Since hitting support at the 1.272 Fibonacci Extension, the market reversed and made a bullish run until hitting resistance at a short-term 1.618 Fibonacci Extension priced at $0.19. Price action is currently up a total of around 38% from this low seen in June.
If the bullish momentum continues within the market, we expect near-term resistance to be immediately located at the $0.20 handle which is the psychological round number barrier. However, it also contains the 100-day moving average within the same price level, adding to the expected resistance here. Further resistance can be located at the .382 Fibonacci Retracement priced at $0.21.
Alternatively, if the market rolls over once again, we can expect near-term support to be located at $0.14 followed by $0.12.
The RSI indicator is currently in favor of the bears within the market, dropping slightly below the 50 handle. If we are to expect the bullish momentum to pick up again, we would need to see the RSI break above 50 and continue to rise toward overbought conditions.
Let us continue to analyze ADA/BTC over the long and short term to highlight any potential areas of support and resistance.
ADA/BTC – LONG TERM – DAILY CHART
Analyzing the market relative to Bitcoin over the long term above, we can see that ADA had experienced an extraordinary price increase when it started from a low of 330 SATS on November 24 ,2017 and rose to an all-time high of 9,180 SATS on January 4, 2018. This was an epic rise totaling 2,745% from low to high.
We can see the market was not able to hold this level as it dropped, initially finding support at the .50 Fibonacci Retracement level priced at 4,819 SATS. This is a Fibonacci Retracement measured from the bullish run aforementioned.
The market continued to decline through February and March, falling below the .618 Fibonacci Retracement and the .786 Fibonacci Retracement to find support at around 1,677 SATS. This level became the price low for 2018, so far.

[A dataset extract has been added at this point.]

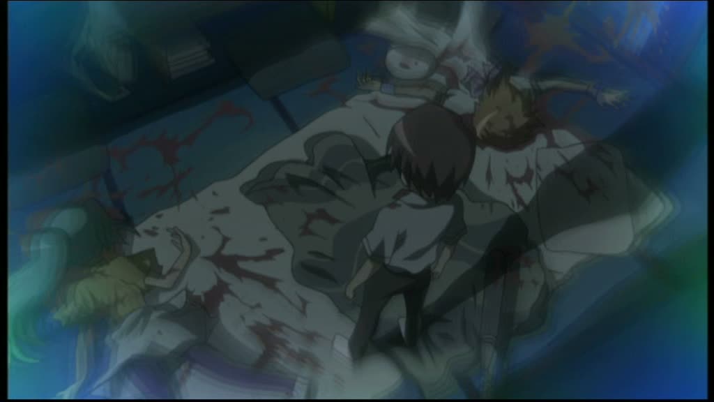 Parfois, on ne comprend pas tout et les réponses viendront deux arcs plus tard pour nous éclaircir sur tel ou tel personnage. Il faut bien se dire que les actions des différents personnages, aussi jeunes soient-ils (Rika et Satoko doivent avoir 10 ans à tout casser), n’ont rien à voir avec leur âge ou leur caractère. Les différentes actions changent en fonction des événements qui sont devant eux, de leurs propres peurs et de leur passé, faisant surgir chez eux un sentiment de schizophrénie qui ne demandait qu’à sortir. C’est bel et bien de ce point là que surgit le plus grand malaise de la série. Ils ont beau être jeunes, mignons, innocents, faire la fête à leur manière, rien n’y personne ne peut être épargné par l’épais mystère du village d’Hinamizawa, qui entraine dans son sillage tout le monde, dans un tourbillon de violence inouïe qui ne demande qu’à exploser.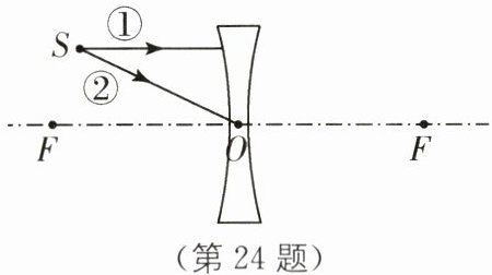 24. (2分)(2024·大庆中考)如图所示,光源S发出的两条光线射向凹透镜,其中光线①平行于主光轴,光线②经过光心,画出它们经过凹透镜的折射光线.(保留必要的作图痕迹)

Let us continue to analyze price action over the shorter period to highlight any potential support and resistance zones.
ADA/BTC – SHORT TERM – DAILY CHART
Analyzing the market from the short-term perspective above, we can see ADA had experienced another bullish run during April when price action started from a low of 1,673 SATS on March 18, 2018 and extended to an intermediary high priced at 4,184 SATS in May 3, 2018. This was a price increase of 150% from low to high.

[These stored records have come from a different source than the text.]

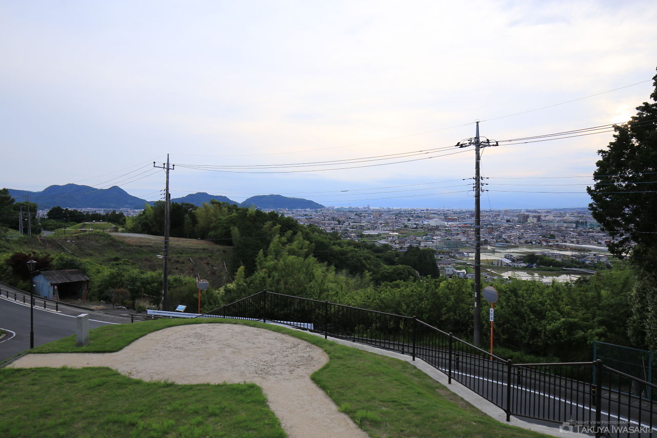また、若干視界が狭くなりますが、A地区の6号墳と5号墳からも夜景が楽しめます。公園は夜間も街灯で照らされていて雰囲気も良いため、色々な古墳に上がってみて景色を楽しんでみるのも良さそうです。
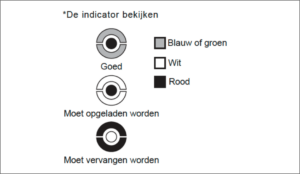 B tipa akumulatoru elektrolīta līmeni nevar pārbaudīt no sāniem, tāpēc pārbaudei izmantojiet indikatoru. Ja B tipa akumulatora indikators norāda, ka akumulators ir jānomaina, nekavējoties nomainiet akumulatoru, jo ūdeni nevar pievienot. Ja indikatoru nevar pārbaudīt, nomainiet akumulatoru vai sazinieties ar veikalu, kurā iegādājāties akumulatoru.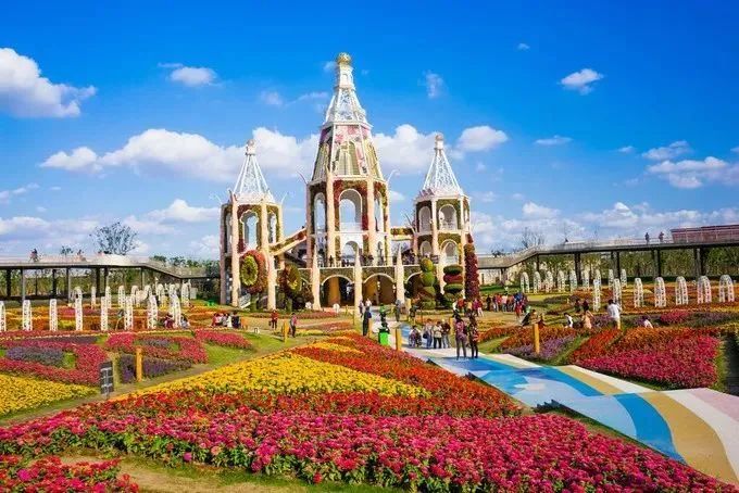 最受欢迎的是如梦幻城堡般的奇迹花园,园内花毯总面积近2万平方米,颜色以少女粉色系为主,花卉总数约10万株。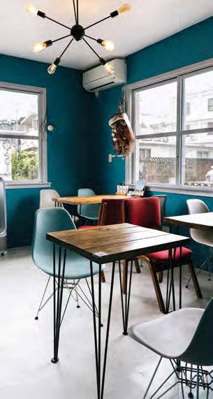 Walking into these repurposed military housing cafés—complemented by the eclectic décor which in this case includes mix-and-match chairs, plants, wall hangings featuring a combination of art, photography, extraterrestrial elements and band merch—ofers the sense of being welcomed into someone’s home. UFO B&S CAFE serves burger paties made in-house using 100% Okinawan Kuroge-Wagyu (with no binding agents) along with crisp iceberg letuce and a slice of fresh tomato sandwiched between buns that are baked fresh daily. Burgers are accompanied by potato wedges.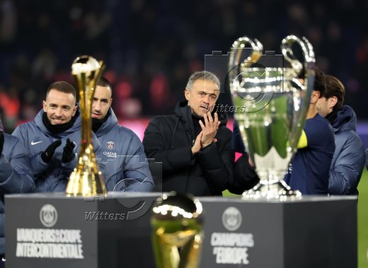 Trainer Luis Enrique (PSG) mit Interkontinental Cup und Champions-League-Pokal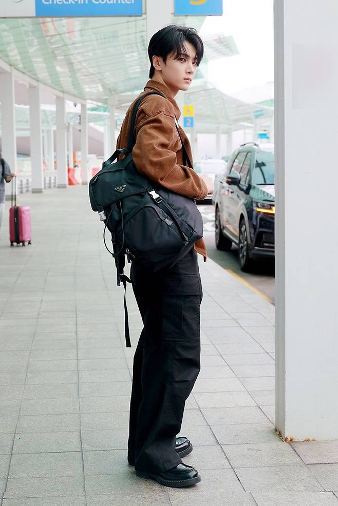 희승은 스포티한 칼리지 패치가 돋보이는 캐시미어 가디건과 베이직한 팬츠, 사피아노 가죽 트래블 백으로 클래식한 가을룩을 연출했다.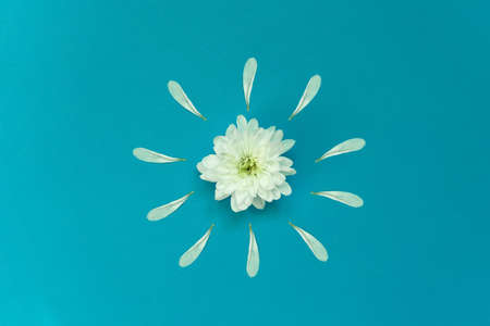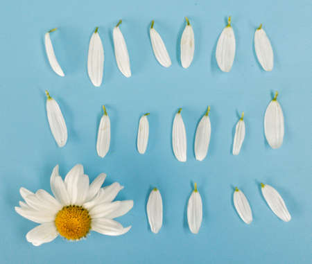 Chamomile flower and petals isolated on turquoise surface. Guess on daisy. Poster design element.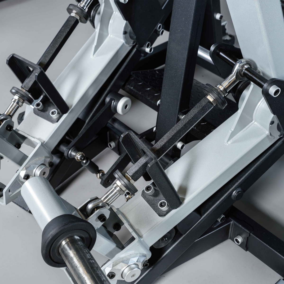 Основание выполнено из стального прямоугольного профиля 80×55 и 120×60. При изготовлении тренажера использован металл толщиной 4 мм для максимальной структурной прочности. Изготовлено на высокоточном лазерном оборудовании с ЧПУ.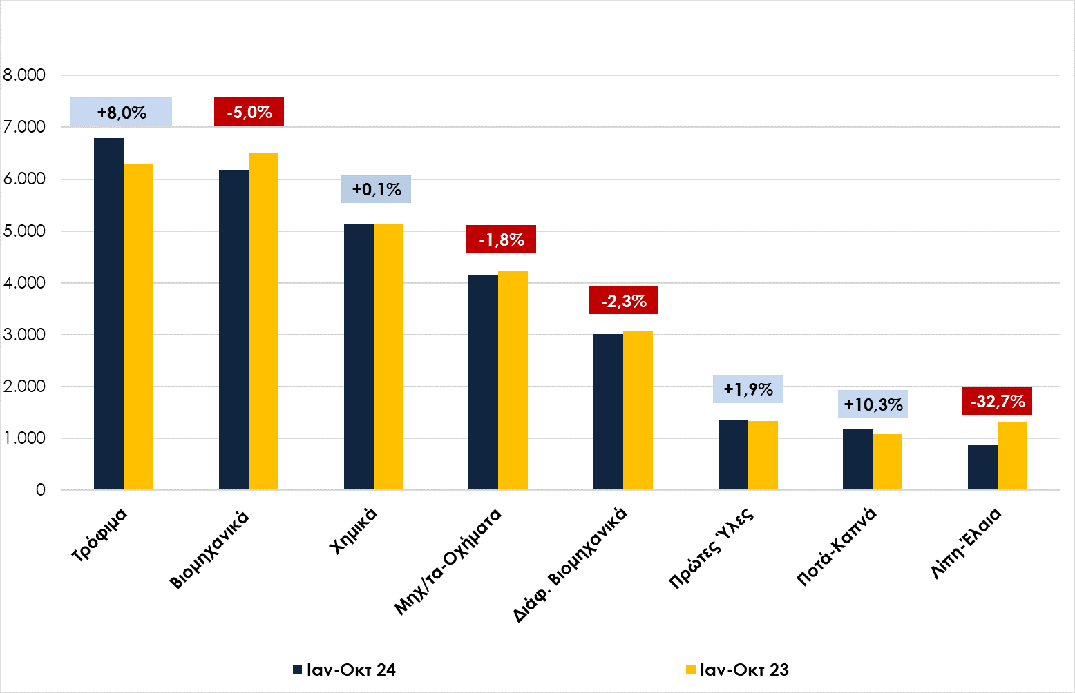 Σε κλαδικό επίπεδο, ο κλάδος των τροφίμων σημείωσε τη μεγαλύτερη αύξηση σε απόλυτες τιμές, με άνοδο €505,4 εκατ. (+8,0%), ενώ τα ποτά-καπνά κατέγραψαν τη μεγαλύτερη ποσοστιαία αύξηση, με €111,5 εκατ. (+10,3%). Σταθερότητα παρουσίασαν οι κλάδοι των χημικών (€7 εκατ., +0,1%) και των πρώτων υλών (+€25,1 εκατ., +1,9%), ενώ τα βιομηχανικά αγαθά υποχώρησαν κατά €326,5 εκατ. (-5,0%) και τα μηχανήματα-οχήματα κατά €77,9 εκατ. (-1,8%). Σημαντική μείωση παρατηρήθηκε και στα λίπη-έλαια, με πτώση €426,6 εκατ. (-32,7%), ενώ τα διάφορα βιομηχανικά προϊόντα σημείωσαν μείωση €71,1 εκατ. (-2,3%).Ο κλάδος των πετρελαιοειδών είχε την πιο σημαντική αρνητική συμβολή στη συνολική εικόνα, με μείωση €1,197,5 εκατ. (-8,6%) συγκριτικά με το 2023, επηρεάζοντας καθοριστικά το σύνολο των εξαγωγών. Η πτώση αυτή αντανακλά είτε μειωμένες διεθνείς τιμές είτε μειωμένη ζήτηση για τα ελληνικά πετρελαιοειδή, γεγονός που συνέβαλε στη συνολική μείωση των εξαγωγών κατά €1,102,8 εκατ. (-2,6%).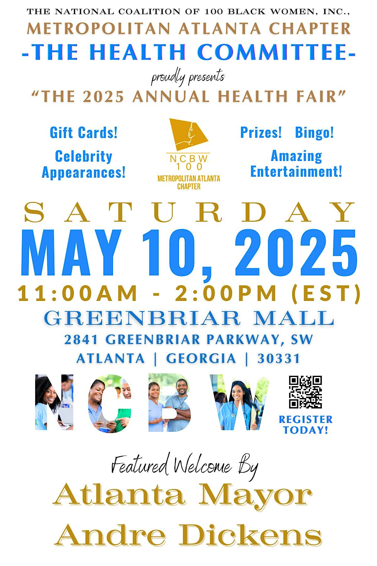 The Metropolitan Atlanta Chapter of The National Coalition of 100 Black Women, Inc. advocates for black women and girls, promoting equity and leadership in the areas of health, education, public policy, and economic empowerment. To extend our health advocacy to the community, the Health Committee hosts an annual health fair, located in high-traffic public areas such as malls and community centers, reaching the most vulnerable populations in Atlanta. The fair provides free services like health screenings and resources while educating the public on health and wellness.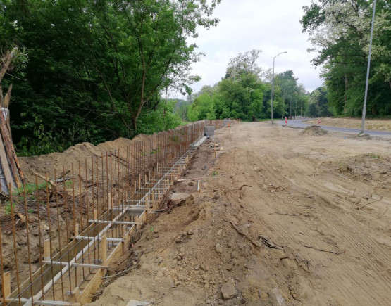 Budowa muru oporowego w rejonie pętli tramwajowej „Las Arkoński”.

We can see that price declined during May, falling below the short term .618 Fibonacci Retracement priced at 2,633 SATS. This is a Fibonacci Retracement measured from the bullish run outlined in the paragraph above. Price action continued to fall during June until it found support at a 1.618 Fibonacci Extension priced at 2,040 SATS.
Price action is currently trading at this level. If the bearish pressure continues, we expect near-term support to be located at the .886 Fibonacci Retracement priced at 1,962 SATS. Following support below this level is expected at the March lows priced at 1,677 SATS.
Alternatively, if the bulls can pick up steam once again, we expect near-term resistance to be located immediately at the short-term and long-term .786 Fionacci Retracements (both in the same area) around 3,320 SATS. Further resistance above this level is expected at the 100-day moving average which currently hovers around 2,500 SATS.
The technical indicators in this market are also favoring the bears at this moment in time. The RSI is currently trading below the 50 handle, indicating that bearish momentum is in play. For a bullish run, we will need to see the RSI break up above the 50 handle.
Similarly, the moving averages are all pointing in a bearish trajectory. For a bullish run to occur, we would need to see the 7-day EMA (blue line) make its way toward the 21-day EMA (purple line) and cross above it for a bullish crossover signal. This would indicate that the bullish pressure is building within the market.